Map of Minnesota Territory.
1850 (dated) 13 x 16 in (33.02 x 40.64 cm)
1 : 2400000
This is a fine example of S. A. Mitchell and J. H. Young's important 1854 map of Minnesota Territory. Mitchell's map covers the Minnesota Territory as it existed in 1854, extending from the Missouri River to Lake Superior and the Mississippi River, inclusive of much of modern day Minnesota, North Dakota and South Dakota. The whole is engraved and colored in Mitchell's distinctive style with green border work and vivid pastels. Political and topographical features are noted and color coded with elevation rendered by hachure.
In 1854 most of Minnesota Territory was dominated by various First Indian nations including the Dakota, Yantonan, Chippewa, Winnebago, Menomonee, and others. White settlements were few and concentrated in the narrow strip of land between the Mississippi and St. Croix Rivers. In 1851, just before this map was drawn and following the Black Hawk War, two major treaties, the Treaty of Traverse des Sioux and the Treaty of Mendota, forced the Sioux and Chippewa northwards, effectively opening southern Minnesota to white settlement. These treaties and the land exchanged are noted by annotation in lower right quadrant as well as on the map proper.
This map was drawn by J. H. Young and prepared by S. A. Mitchell for publication by the Philadelphia firm of Thomas Cowperthwait and Co. as plate no. 36 in the 1854 edition of Mitchell's New General Atlas. Dated and copyrighted, 'Entered according to act of Congress in the year 1850 by Thomas Cowperthwait and Co. in the Clerk's office of the Eastern District of Pennsylvania.'
Samuel Augustus Mitchell (March 20, 1792 - December 20, 1868) began his map publishing career in the early 1830s. Having worked as a school teacher, Mitchell was frustrated with the low quality and inaccuracy of school texts of the period. His first maps were an attempt to rectify this problem. In the next 20 years Mitchell would become the most prominent American map publisher of the mid-19th century. Mitchell worked with prominent engravers J. H. Young, H. S. Tanner, and H. N. Burroughs before attaining the full copyright on his maps in 1847. In 1849 Mitchell either partnered with or sold his plates to Thomas, Cowperthwait and Company who continued to publish the Mitchell's Universal Atlas and Mitchell's General Atlas. By about 1856 most of the Mitchell copyrights were bought by Charles Desilver who continued to publish his maps, many with modified borders and color schemes, until Mitchell's son, Samuel Augustus Mitchell Junior, entered the picture. In 1859, S.A. Mitchell Jr. purchased most of the copyrights back from Desilver and, from 1860 on, published his own New General Atlas. The younger Mitchell became as prominent as his father and published atlases well into the late 1880s when most of the copyrights were again sold and the Mitchell firm closed its doors for the final time.

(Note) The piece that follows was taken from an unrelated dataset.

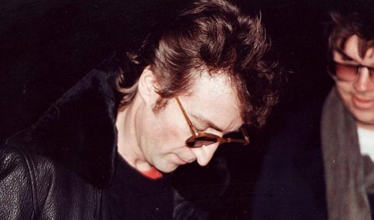 Джон Леннон даёт автограф своему убийце Марку Дэвиду Чепмену, Сам Чепмен - человек на фото, стоящий сзади.

Mitchell, S. A., A New Universal Atlas Containing Maps of the various Empires, Kingdoms, States and Republics Of The World, (Thomas Cowperthwait & Co., Philadelphia) 1854.
The New Universal Atlas is one of the great American atlases of the mid-19th century. Samuel Augustus Mitchell first issued the atlas in 1846 when he acquired the map plates and copyright for Tanner's New Universal Atlas from its publisher, Carey and Hart. The first transitional 1846 edition was published jointly with Carey and Hart, but a second edition was published in the same year with the Tanner imprint erased. This edition of the atlas also introduced the signature S. A. Mitchell green and pink color scheme. Most of the maps from the early editions of the atlas were engraved by H. N. Burroughs or C. S. Williams, often bearing their copyright. Burroughs maps also tended to have what map collector David Rumsey refers to as the 'Cary and Hart' borders, which featured a narrow vine motif. These borders were replaced, along with the Burroughs imprint, with the more traditional Mitchell strap work border used in the atlases until 1856. Mitchell published editions until late in 1850, when he sold the rights to Thomas, Cowperthwait and Company of Philadelphia. Under Cowperthwait, the atlases continued to be published and bear the Mitchell name until 1856, when it the plates were again sold, this time to Charles Desilver. Desilver reworked the plates with new border art and a revised color scheme in the style of J. H. Colton. Desilver issued editions from 1857 to 1860, when the atlas was phased out in favor of Samuel Augustus Mitchell Jr.'s New General Atlas.
Very good. Overall age toning. Minor spotting at places. Top margin cut off.
Minnesota Historical Society Map 2F G 4130 1852 .Y66. Phillips (Atlases) 814.